Death Sentence


Certificate: 18
Running time: 105 mins
Director: James Wan
Starring: Kevin Bacon, Kelly Preston, John Goodman, Aisha Taylor
Genre: Action, Thriller
Country: USA

When Nick Hume (Bacon) witnesses the death of his son in a gas station robbery gone wrong his life is shattered.  The only thing more traumatic that the act is witnessing his son’s killer being sentenced to three years.  Stunned, hurt and angry Hume (a previously quiet Executive) decides that enough is enough and that if the law will not dispense the justice that’s required then he will.

The vigilante/vengeance film is a real double edged sword as they are by definition one of the most enjoyable and thrilling sub genres out there but at the same time suffer from a lot of genre expectations and adherence to a narrative structure that ultimately lets down the audience who have seen it all before.  With the fact that the novel was penned by Brian Garland (writer of Death Wish) there was always the compounded risk that this, more than any other vigilante film, will be compared to the Charles Bronson classic.

James Wan’s body of work is one filled with hits and spills and though credit must be given to him for writing and directing Saw, which was without doubt the first genuinely challenging horror film to come out of Hollywood in years he is dually responsible in no small way for it’s five sequels.  There’s little argument however that when it comes to being almost confrontational with violence he is remarkably good at presenting the detail without feeling like it has ventured into the realm of torture porn.  What he delivers, as director, in Death Sentence is a wonderfully restraint and unpolished product that doesn’t feel like Hollywood.  The use of the camera is excellent, the way in which it stalks some of the performers, always peaking through or around objects and the use of chiaroscuro lighting creates a claustrophobia that has become his trademark.  Yet there’s something raw, it has imperfections and that’s part of it’s beauty.  The perfect example is when Hume shaves his head after getting out of hospital only to have missed a couple of strands of hair which isn’t much but gives the film a little something extra, a little blemish to ground it in a more realistic world and in turn make the violence hit home that little bit harder.  The violent sequences are genuinely refreshing as they don’t feel choreographed, animalistic certainly, raw definitely but not staged which is a real skill.  Wan clearly has an understanding of ‘the real’ and has stitched it into aspects of the film wonderfully.

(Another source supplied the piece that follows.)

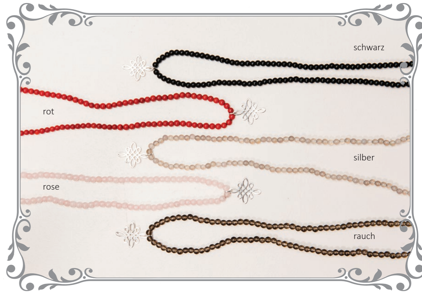
1513 Steinkette Knoten

Kevin Bacon (as Nick Hume) plays it so smart.  Where other actors have beefed up or trimmed down for roles of this nature, knowing the expected physicality of the role and wanting to look good in it Bacon has understood the character.  This is not a chiselled and tanned man, he’s white collar and grieving and if anything the skinny and unprofessional edginess to his character makes him even more intimidating in the role.  He’s not coming after you because he knows he can beat you, he’s coming after you because of instinct and rage and he is much more dangerous than you can imagine.  Bacon is one of those actors (like Kiefer Sutherland) who knows the difference between the “good” character and the “bad” character isn’t how you play it but is which side of the fence you’re on.  The character believes he’s in the right and whether you disagree will affect how you see them.  It’s a wonderful way to approach a character as it places the moral decisions with regards to their actions in the mind of the audience to be answered or not but allows for discussion.  This is, ultimately, the biggest strength of the vigilante sub genre as it always poses the unspoken question “what would you do?”.  The supporting cast all chip in with solid performance, Kelly Preston (who always has a question mark over her performances) is strong as Nick’s wife, John Goodman (as Bones) gives his stock white Supremist performance which is chilling regardless of how many times you have seen it and Aisha Taylor (as the chasing Detective) serves her purpose.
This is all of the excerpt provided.